Exercise objective
Can you print the data exactly and leave out each image?

Data below

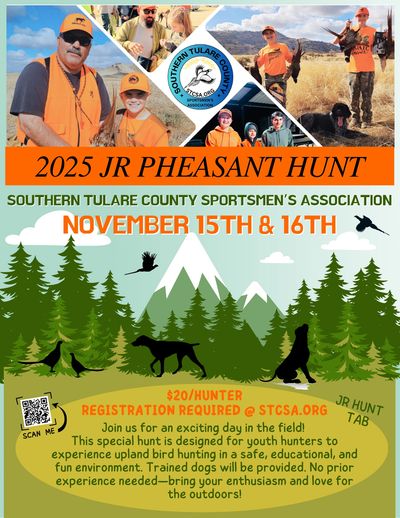 The Southern Tulare County Sportsmen’s Association (STCSA) Junior Pheasant Hunt is a special event designed for young hunters to experience the excitement of hunting while learning essential skills and values. This event emphasizes hunter education, safety, and the importance of camaraderie among participants.
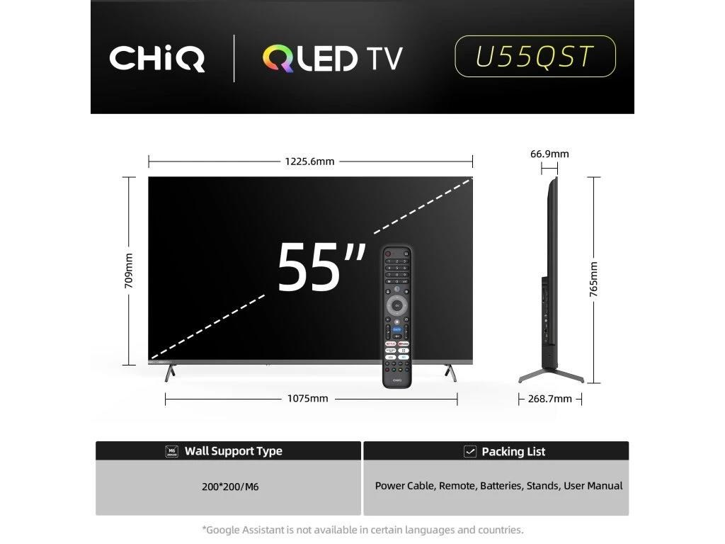 CHiQ 55“ U55QST, ultratenká metalická bezrámečková QLED Smart Google TV 5.0 s několika herními funkcemi, HDR10, HLG, obrazovkou s Ultra HD s rozlišením 3840 x 2160 pixelů, prostorovým zvukem Dolby Audio a dbx-tv.
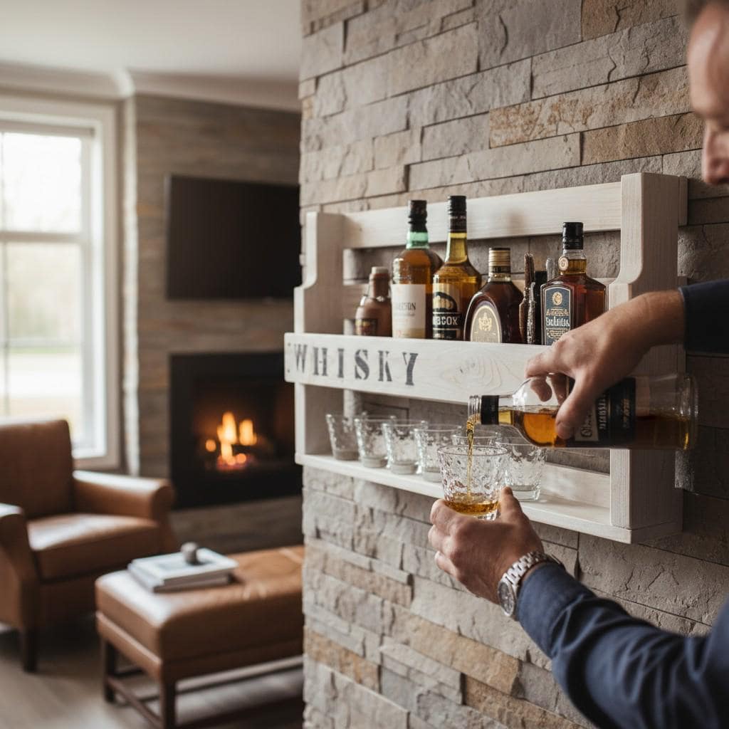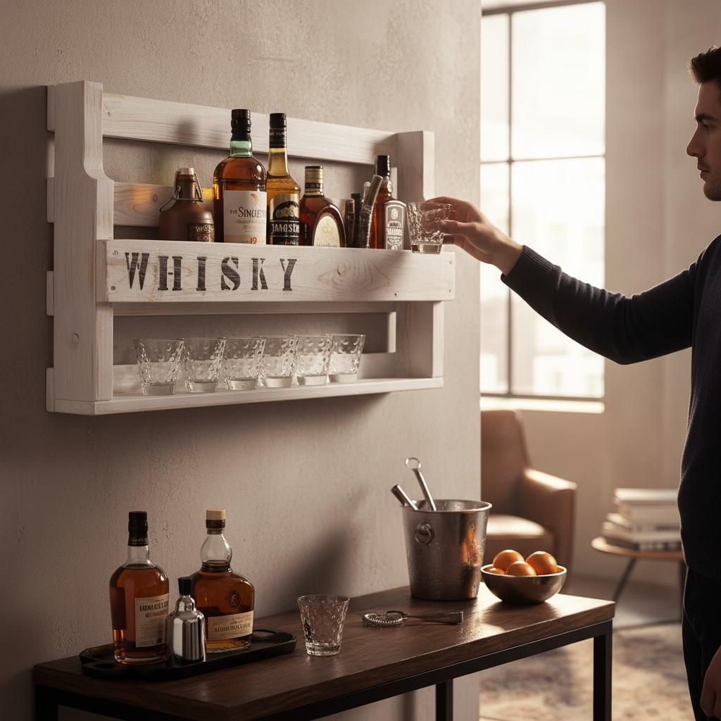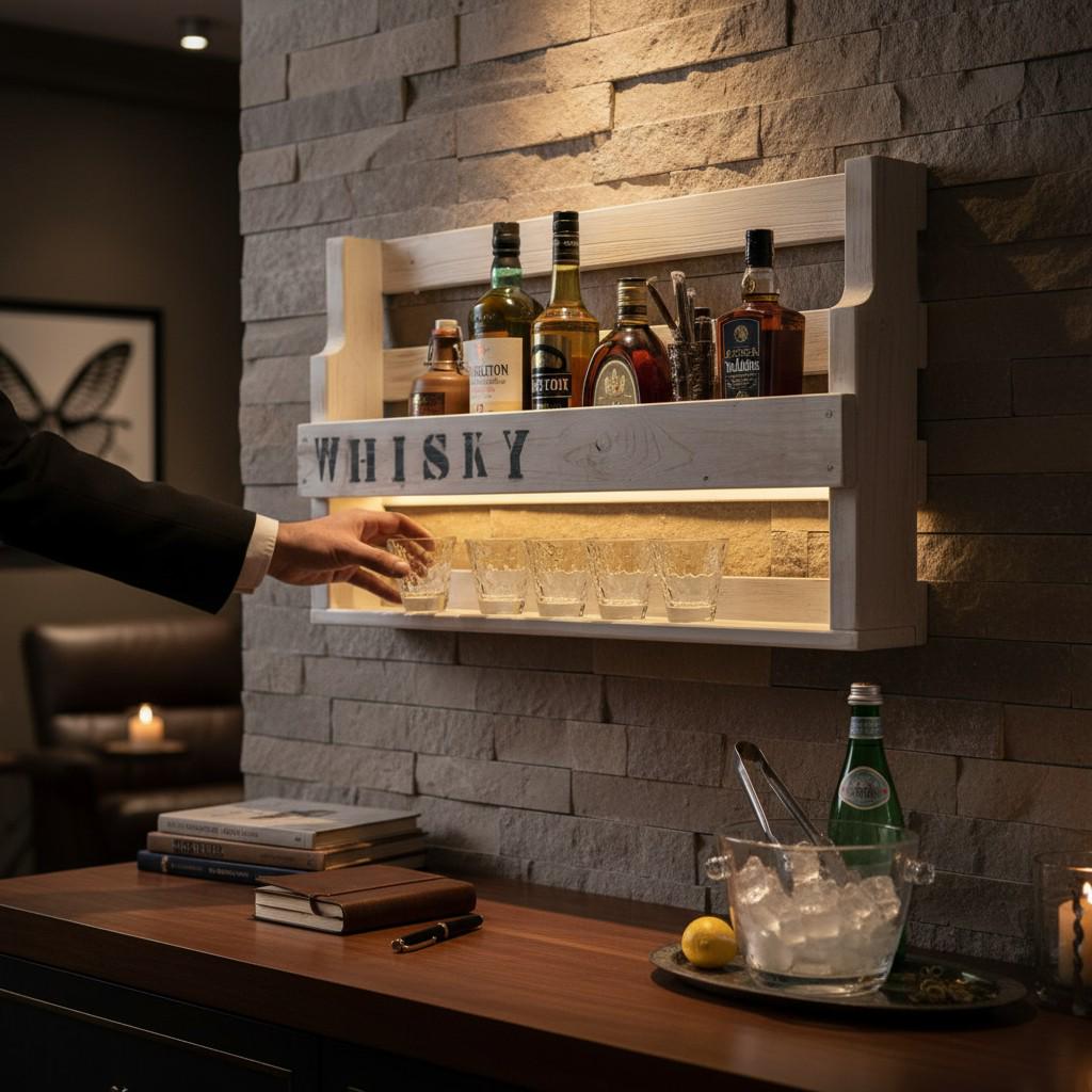 • Jedes Regal wird von Hand gesägt, geschliffen, gestrichen und mit dem Schriftzug WHISKY veredelt

Result
 The Southern Tulare County Sportsmen’s Association (STCSA) Junior Pheasant Hunt is a special event designed for young hunters to experience the excitement of hunting while learning essential skills and values. This event emphasizes hunter education, safety, and the importance of camaraderie among participants.
 CHiQ 55“ U55QST, ultratenká metalická bezrámečková QLED Smart Google TV 5.0 s několika herními funkcemi, HDR10, HLG, obrazovkou s Ultra HD s rozlišením 3840 x 2160 pixelů, prostorovým zvukem Dolby Audio a dbx-tv.
 • Jedes Regal wird von Hand gesägt, geschliffen, gestrichen und mit dem Schriftzug WHISKY veredelt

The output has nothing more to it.